Transcribe exactly, leaving out pictures, the lines from the one that holds "Pánská mikina Čivava" through the end of the data below, including both end lines and no others.

Collected material:
========================================================================

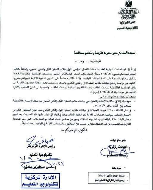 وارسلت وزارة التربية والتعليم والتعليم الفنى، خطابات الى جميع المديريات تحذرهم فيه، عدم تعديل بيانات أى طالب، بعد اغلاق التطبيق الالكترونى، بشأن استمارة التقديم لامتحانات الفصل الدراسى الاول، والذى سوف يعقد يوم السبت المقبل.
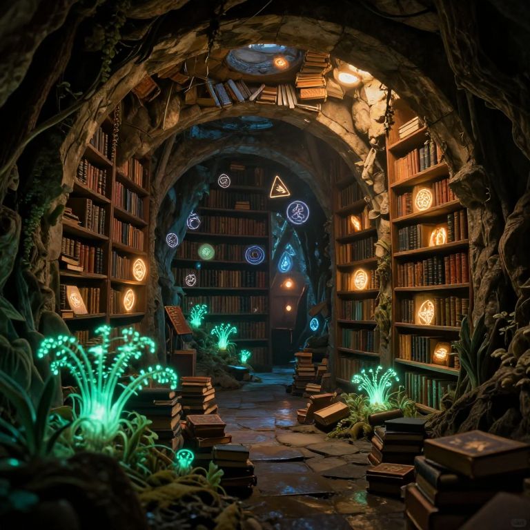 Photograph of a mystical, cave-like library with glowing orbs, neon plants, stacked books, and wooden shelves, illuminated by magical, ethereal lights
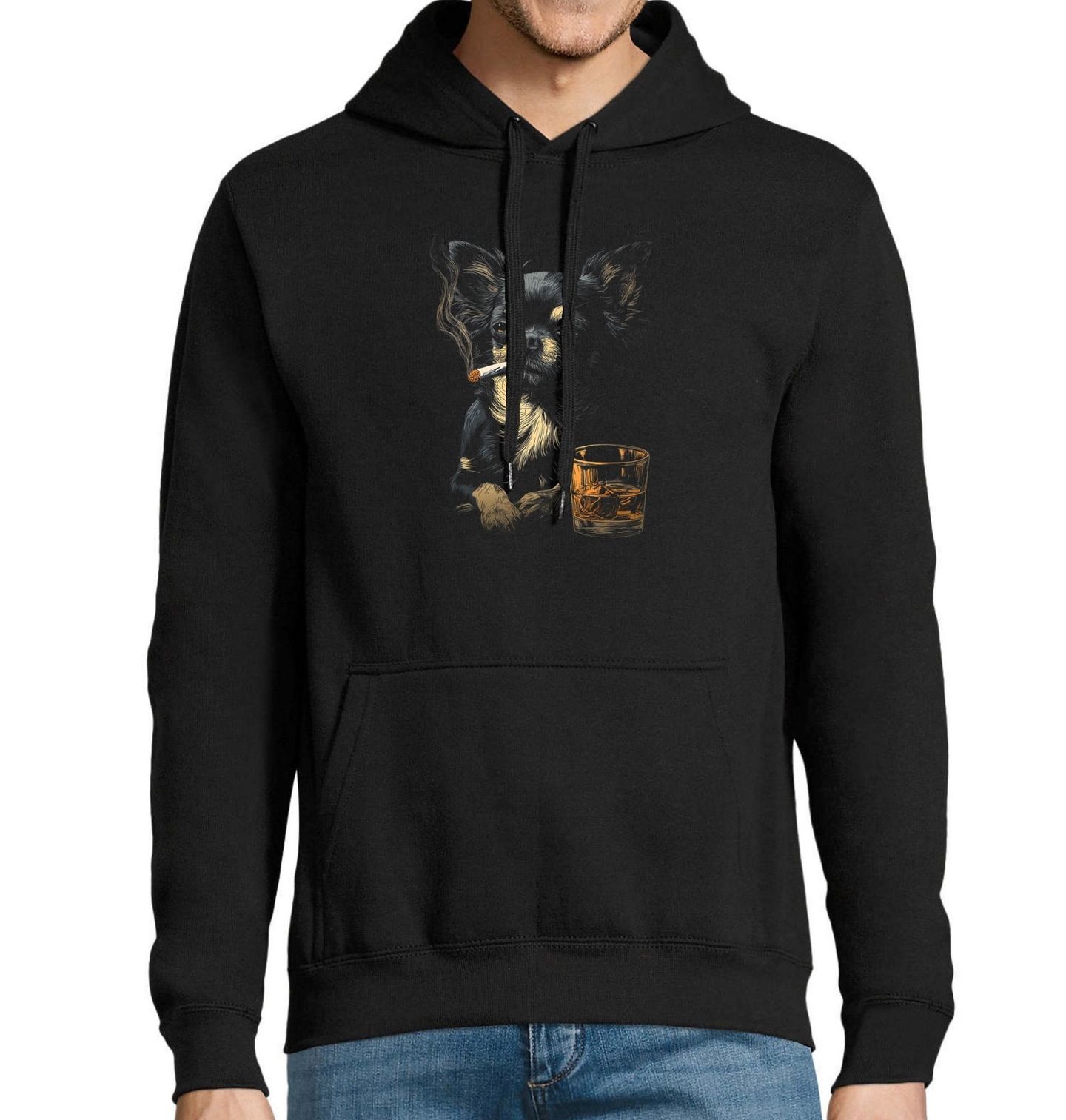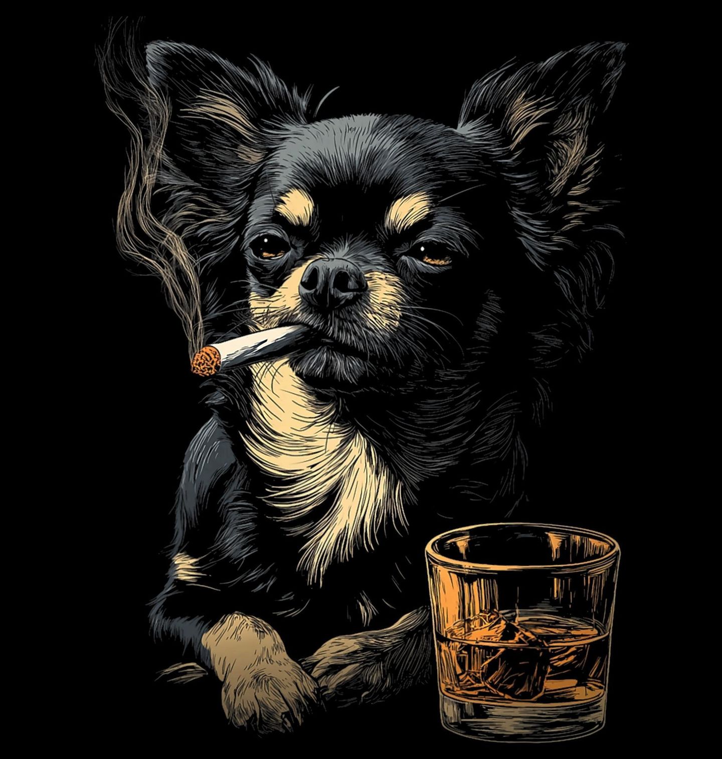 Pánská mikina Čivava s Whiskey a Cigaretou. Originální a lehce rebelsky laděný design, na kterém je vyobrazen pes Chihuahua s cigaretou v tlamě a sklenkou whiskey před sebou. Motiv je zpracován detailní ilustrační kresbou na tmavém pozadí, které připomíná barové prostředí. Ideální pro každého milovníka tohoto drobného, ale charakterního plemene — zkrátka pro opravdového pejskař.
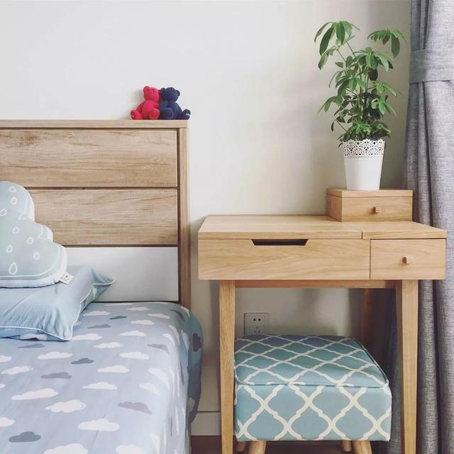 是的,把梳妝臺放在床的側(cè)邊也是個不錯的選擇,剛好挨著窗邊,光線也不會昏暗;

========================================================================

Output for this exercise:
 Pánská mikina Čivava s Whiskey a Cigaretou. Originální a lehce rebelsky laděný design, na kterém je vyobrazen pes Chihuahua s cigaretou v tlamě a sklenkou whiskey před sebou. Motiv je zpracován detailní ilustrační kresbou na tmavém pozadí, které připomíná barové prostředí. Ideální pro každého milovníka tohoto drobného, ale charakterního plemene — zkrátka pro opravdového pejskař.
 是的,把梳妝臺放在床的側(cè)邊也是個不錯的選擇,剛好挨著窗邊,光線也不會昏暗;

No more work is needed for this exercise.